Бабушка до девяноста пяти прожила. А когда умирала, передала эту памятку самому младшему в нашем роду.
Зарок блокадницы
Заговорили о неустроенности, о бедах сегодняшнего бытия, о всевозможных недостатках, о болезнях, которые косят людей, – что за жизнь? Что за век?
Кое-кто вздохнул, кое-кто охнул, а кое-кто даже слезу пустил. И только одна старая Наталья Александровна невозмутимо улыбнулась.
– После войны я ни разу не плакала. Грех великий плакать, кто пережил блокаду да войну.
Из войны
– Я не люблю про войну вспоминать. В школу зовут на вечер – нет, говорю, я думать про войну не могу, а не то что рассказывать.
В сорок втором меня призвали, восемнадцать полных не было, и на Волховский фронт, в минерный батальон из девушек. По ночам от мин расчищали нейтральную полосу, подготавливали для наступающих танков и пехоты. Мины свои, мины немецкие – поди, угадай, как они установлены. Ну и рвались. Много наших девушек подорвалось, многие калеками стали. Под Москвой живет моя подруга, двадцать третьего года рождения. Зоя. Без обеих ног.
Раз прислали к нам парней-казахов. Ничего не умеют. Один – ночью было – кричит с полосы:
– Где тут мины? Ничего не видно.
– Зоя, говорю, иди. Помоги ему. Зоя только ступила – бах.
На моей, на моей совести эта девушка. Я дала двести грамм крови, а ног не дашь. Теперь вот все пишет: приезжай да приезжай. А как я поеду? Как ей в глаза гляну?
Ужасы блокады
Анна с ужасом вспоминает блокаду: ее почти год не выпускали на улицу.
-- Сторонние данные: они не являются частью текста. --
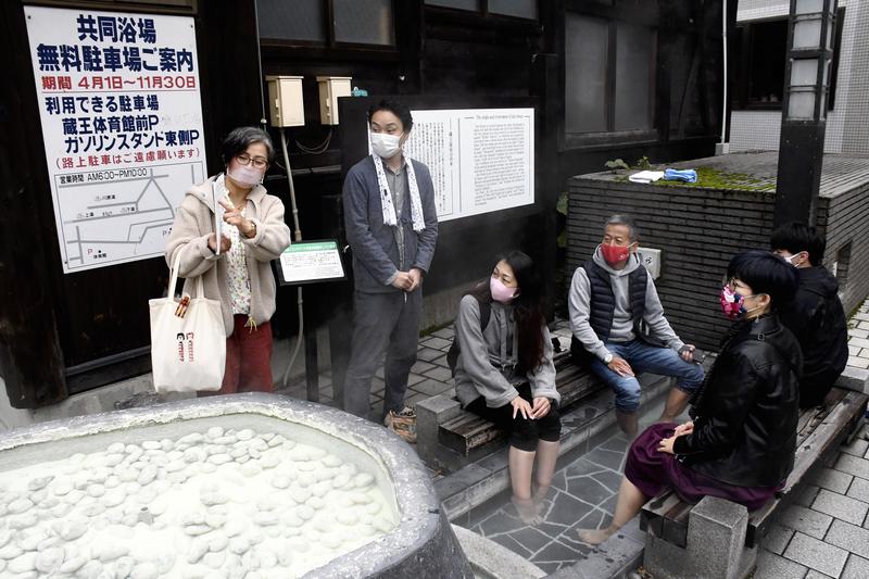 As the tour participants dipped their feet in a communal footbath and warmed their hands in small handbaths on Takayu-dori street in the center of Zao Onsen, Ito detailed the unique qualities of the water in the springs. A university employee from Yamagata who is a frequent visitor to Zao Onsen was amazed by Ito's depth of knowledge. "I didn't know the water here was so acidic. That impressed me," he said.

Почему? Потому, что она была полненькая, розовенькая девочка (мать работала на фабрике пищеконцентратов) и дома боялись, что ее съедят.
За годы блокады семья Анны завела три сейфа. А колец, серег, браслетов – этого не сосчитать.
6 декабря 1974
Свой парень
Лида, бухгалтер, попала в беду: пять месяцев без работы! Выгнали за то, что отказалась подписать фальшивые документы на списание уцененных товаров.
Дело разбирал комитет народного контроля, партбюро – все признали: честный человек Лида. Немедленно восстановить на работе.
Но Москва уперлась: нет и нет. Потому что восстановить на работе Лиду – значит признать виновной Т., а заодно с нею и кое-кого из московских тузов. Одна шайка-лейка. Да и первого секретаря РК пришлось бы потревожить: она горой встала за Т. (…)
Мне начали названивать разные люди:
– Федор Александрович, да что же это у нас делается? Человек пропадает за правду! Где мы живем? До ручки довели бабу. Затравили. С голоду подыхает, белье продает. И если бы, говорит, не ребенок малый, давно бы петлю на шею накинула.
Не хотелось мне влезать в эту грязь – время, нервы, а с другой стороны, если я не помогу, если другой не поможет, то кто же поможет?
Пошел в обком к А. Нравился мне этот человек. Простой, демократичный. Не глуп. Умеет пошутить, выпить, наконец, не дурак. А его прошлое? Помню, козырнул как-то в разговоре с ним своим ранением: дескать, воевал. Немецкими пулями на теле записан патриотизм.
– А у меня, Федор Александрович, тоже сорок девять дырок в теле, – очень скромно, как бы между прочим заметил А.
Я так и присел. А потом кое-какие подробности из его фронтовой жизни и до меня дошли. Рядовой матрос. Бесстрашно, с одной финкой в зубах на врага ползал. Двумя орденами Славы, тремя медалями «За боевые заслуги» награжден, а этими наградами, как известно, и в войну не кидались. Свой, одним словом, парень, нашенский, как сказал о нем один приятель.
Встретил меня А. радушно, просто, вышел из-за стола (так теперь заведено у крупных партийных работников, так меня и Демичев встречал), от души пожал руку.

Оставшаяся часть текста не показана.